Dataset entries:
☆ ☆ ☆ ☆
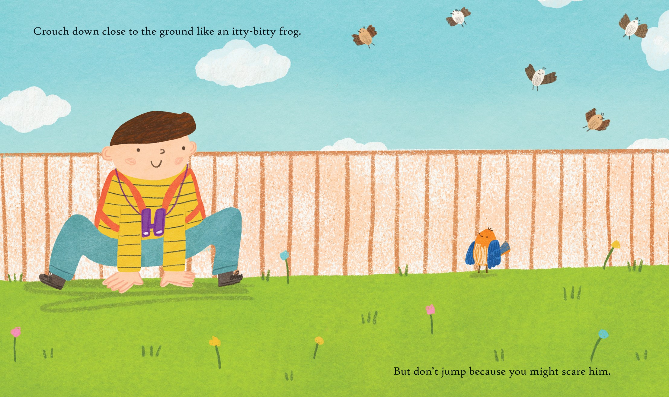 It’s a Spring alphabet! Filled with Spring images, this ABCedary is sure to be a hit. Cheerful, colorful illustrations will capture any reader’s attention, with playful alphabet choices like Apple Blossoms and Daisies; Ho thinks up creative ways to highlight other letters, like G, choosing the word “grow” and showing a worm next to a series of growing saplings; X for Extra Eggs, and Z for Zipper, showing the zipper of what could be a spring jacket. The book is well-constructed, with hardy pages that will hold up to multiple readings. A concept books essential, make sure to put this in your collections.
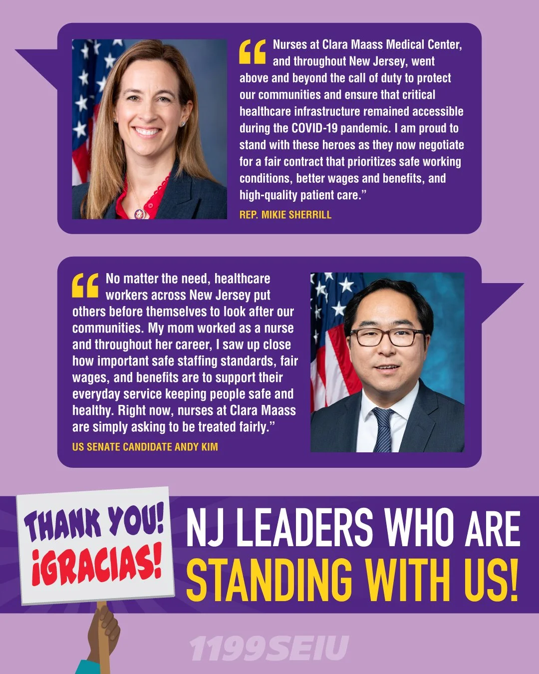 Our community stands united in support of Clara Maass nurses’ efforts to achieve safe staffing, quality patient care, and improved working conditions in their hospital. We urge hospital management to bargain in good faith with the nurses.
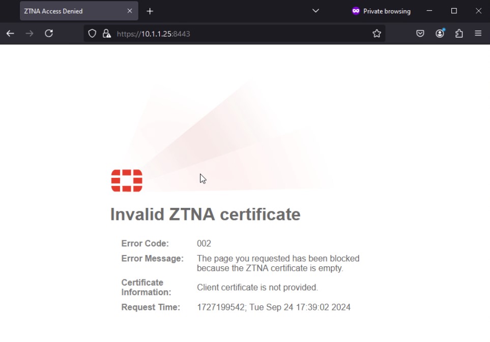 When the endpoint device fails to present a client certificate, a message is displayed, and access to the web site is blocked.
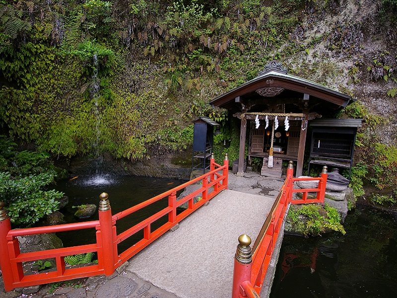 На территории храма расположено несколько отдельных святилищ, посвящённых разным богам. В верхнем почитаются Семь Богов Счастья, приносящие удачу, а в нижнем – духи воды. Из-за перепадов рельефа здания находятся на разной высоте, и соединены лестницами и переходами, что придаёт территории комплекса особую живописность. Главная достопримечательность – пещера источника, где можно омыть деньги в водах ручья. Пяти-йеновые монетки с отверстием посередине, побывавшие в храме Бентен, станут отличным сувениром из вашей поездки.
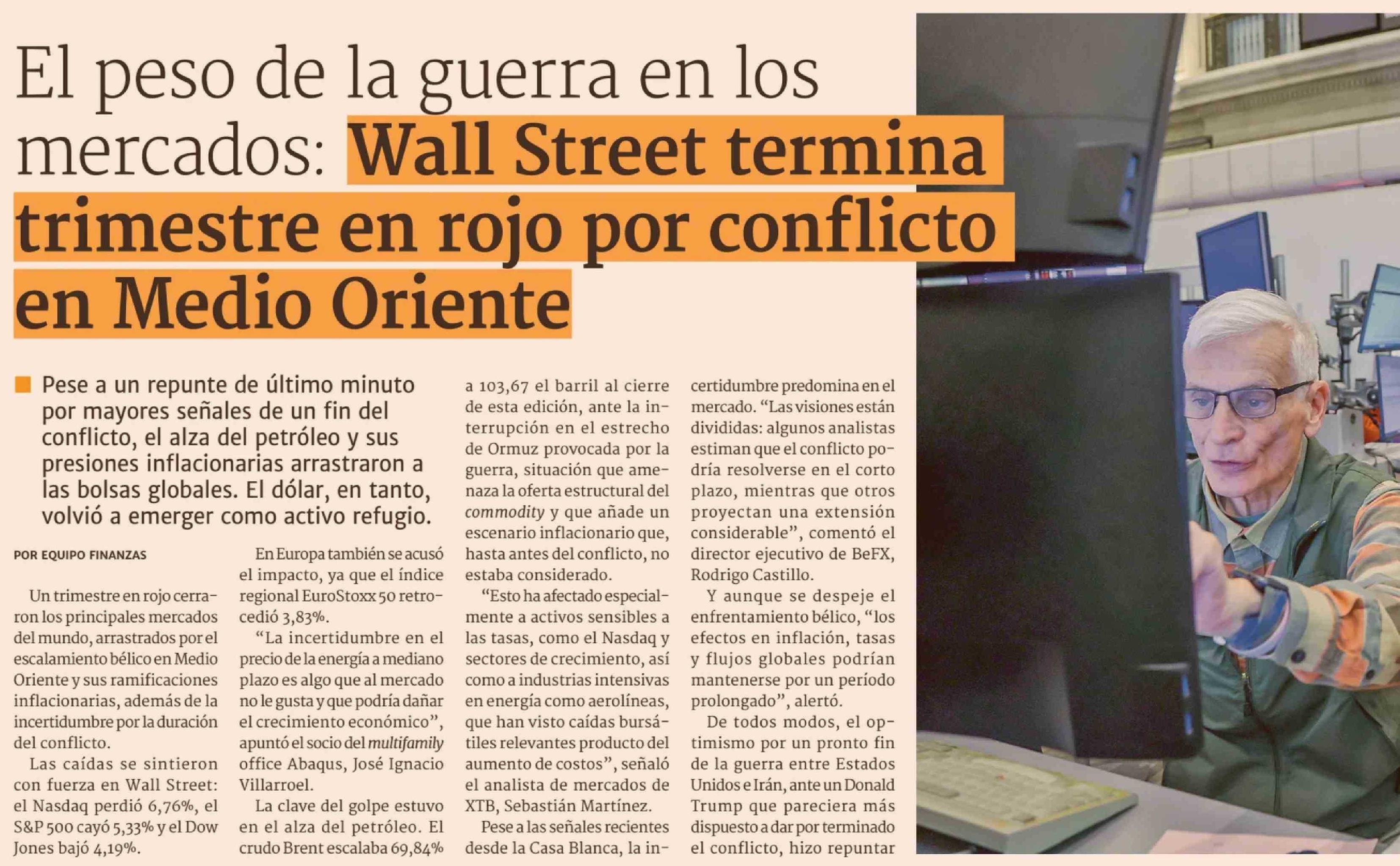 El peso de la guerra en los mercados: Wall Street termina trimestrte en rojo por conflicto en Medio Oriente
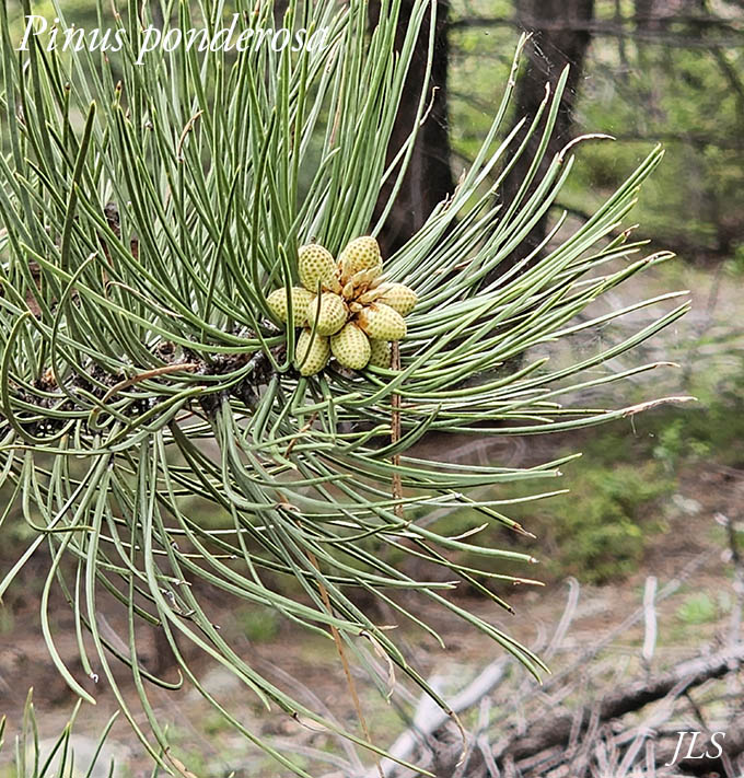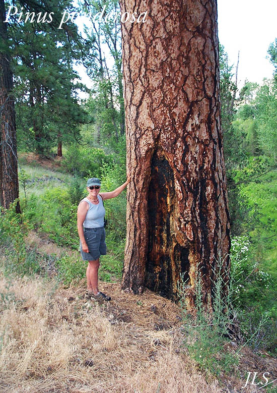 Pinus ponderosa predominates on south facing slopes, and is supposed to be a tree of the savanna. Our woods are too thick, which contributes to disease and fuels overload. Wikipedia, USDA, and Southwest Colorado Wildflowers have more information.
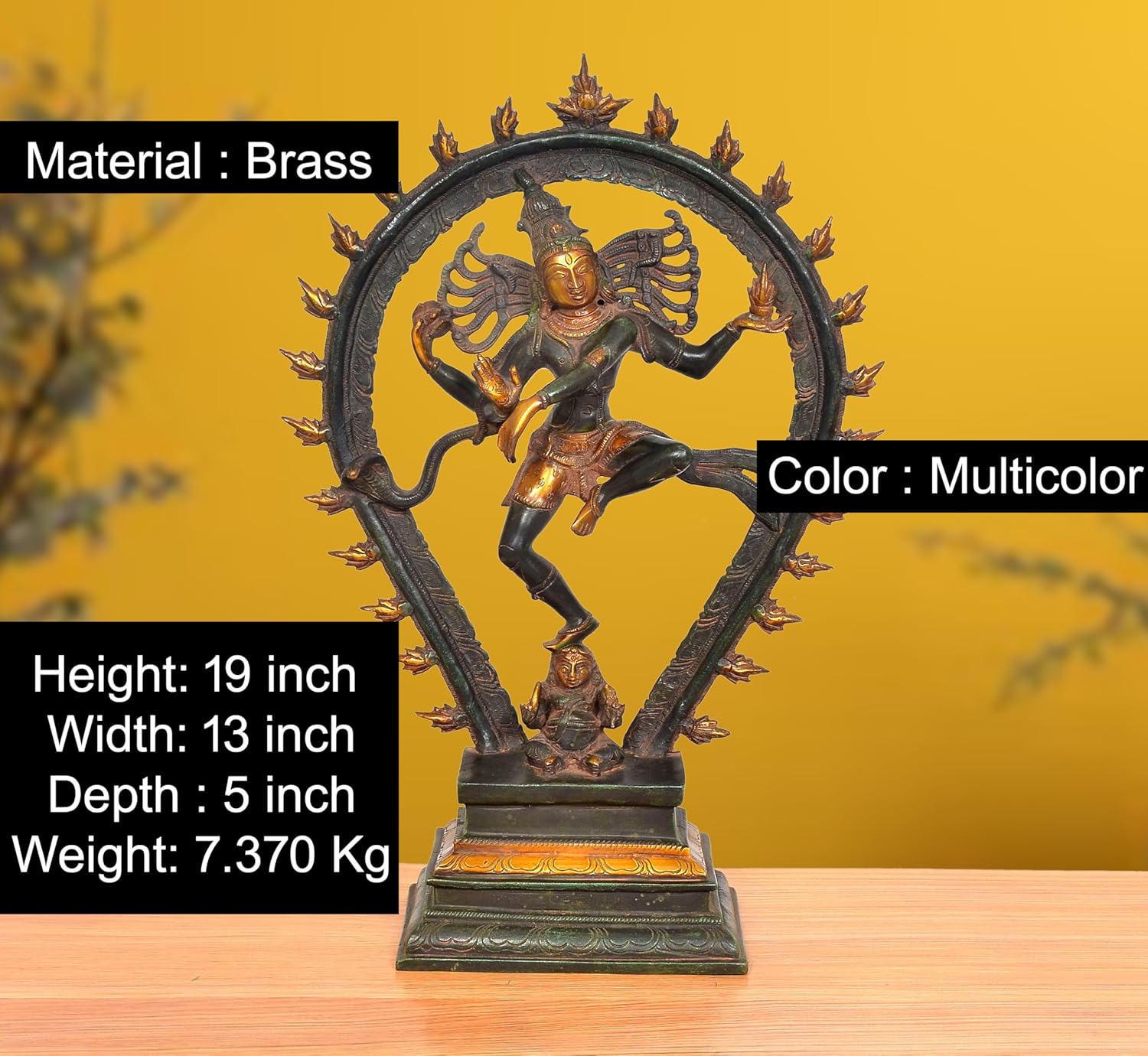 Celebrate divine grace with this Brass Natraj Lord Shiva Dancing Idol, standing 19 inches tall. Crafted with devotion, it captures Shiva’s cosmic dance, symbolizing creation and destruction in perfect harmony. This idol brings a serene, spiritual presence to your home, inspiring peace and love in your surroundings. Ideal for prayer rooms or as a heartfelt gift, it connects you to timeless traditions and the vibrant energy of Lord Shiva.
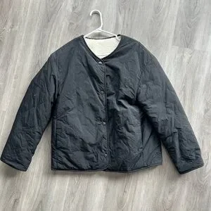 Elegant black jacket with a cozy lining. Features a button-up front. Reversible coat.
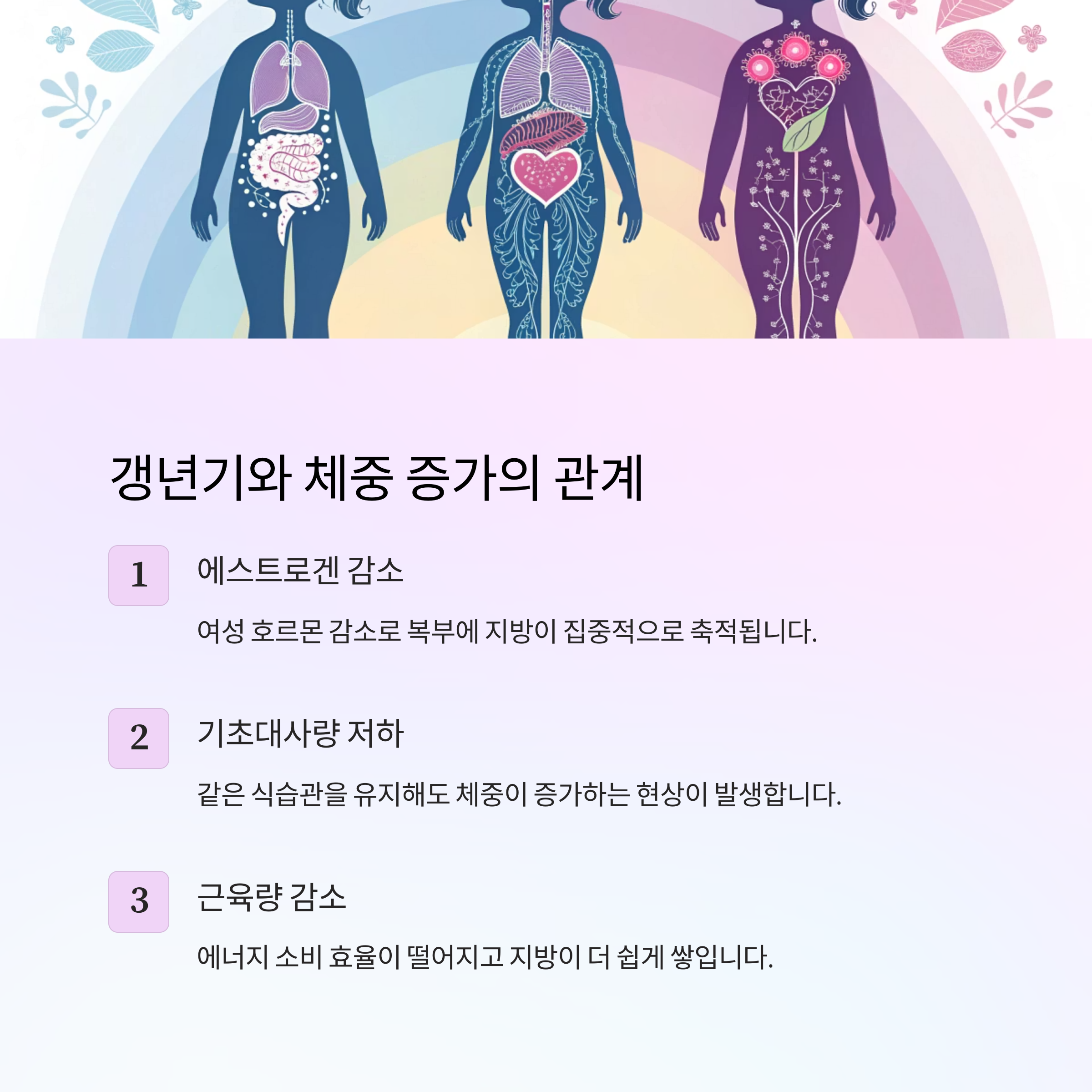 갱년기는 여성에게 신체적, 정신적으로 많은 변화가 일어나는 시기예요. 특히 여성 호르몬인 에스트로겐이 급격히 감소하면서 기초대사량이 낮아지고, 뱃살이 늘거나 쉽게 피로를 느끼게 되죠. 이로 인해 체중 증가와 운동 부족이 겹치면 건강에 악영향을 줄 수 있어요.
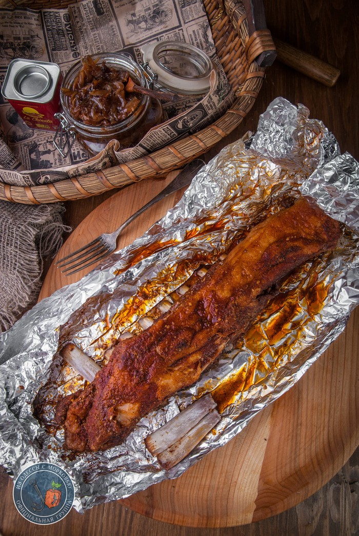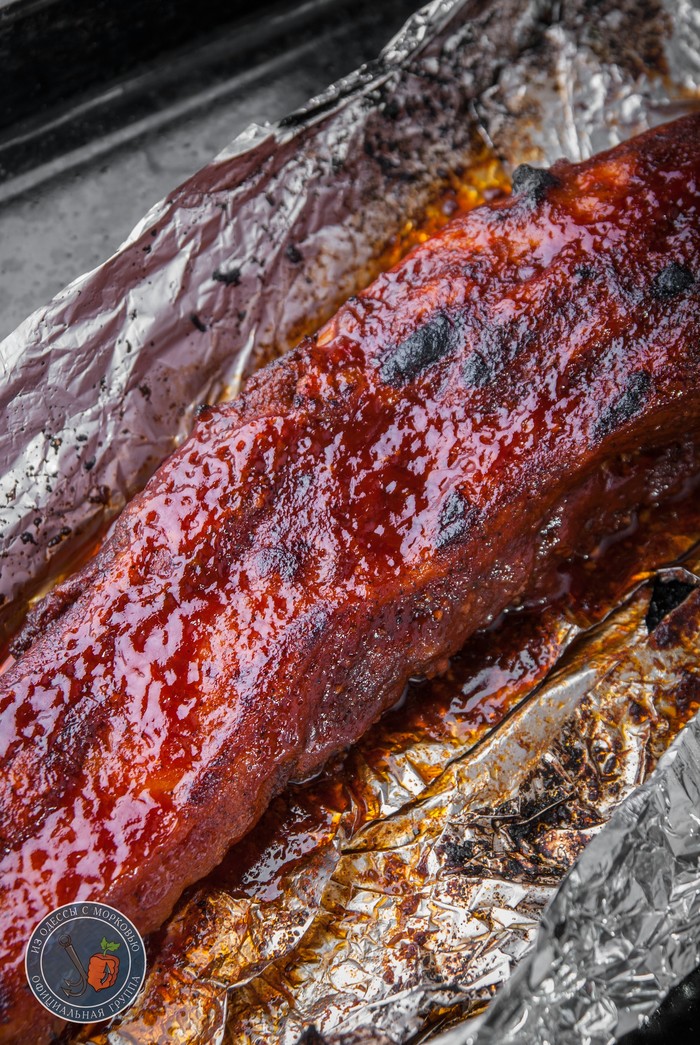 - Считаем, что 3 часа минули. Откройте ребра, дайте мясу остыть 5 минут и выньте сами ребра из мяса - они вынимаются легко. (если не хотите ждать, просто возьмите бумажные полотенца или щипцы и вынимайте ими). Обильно смажьте верхнюю сторону соусом с медом. Включите верхний гриль и не отходя к компу готовьте пока не подрумянится (а если его нет, то просто допеките в духовке до подсыхания верха и красивого цвета)
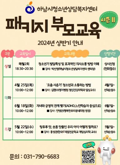 패키지 부모교육은 하남시 관내 청소년 부모 및 보호자 대상으로 진행되며, 매월 동일한 주제로 진행되는 “상설 부모교육”과 분기별로 다양한 주제로 진행되는 “테마 부모교육” 및 “부모교육 특강”으로 나눠 실시된다.
☆ ☆ ☆ ☆
Task to carry out:
Skip the pictures. Restate exactly the lines from the start of the entries through the line containing "When the endpoint", both ends included.

Response for this exercise:
 It’s a Spring alphabet! Filled with Spring images, this ABCedary is sure to be a hit. Cheerful, colorful illustrations will capture any reader’s attention, with playful alphabet choices like Apple Blossoms and Daisies; Ho thinks up creative ways to highlight other letters, like G, choosing the word “grow” and showing a worm next to a series of growing saplings; X for Extra Eggs, and Z for Zipper, showing the zipper of what could be a spring jacket. The book is well-constructed, with hardy pages that will hold up to multiple readings. A concept books essential, make sure to put this in your collections.
 Our community stands united in support of Clara Maass nurses’ efforts to achieve safe staffing, quality patient care, and improved working conditions in their hospital. We urge hospital management to bargain in good faith with the nurses.
 When the endpoint device fails to present a client certificate, a message is displayed, and access to the web site is blocked.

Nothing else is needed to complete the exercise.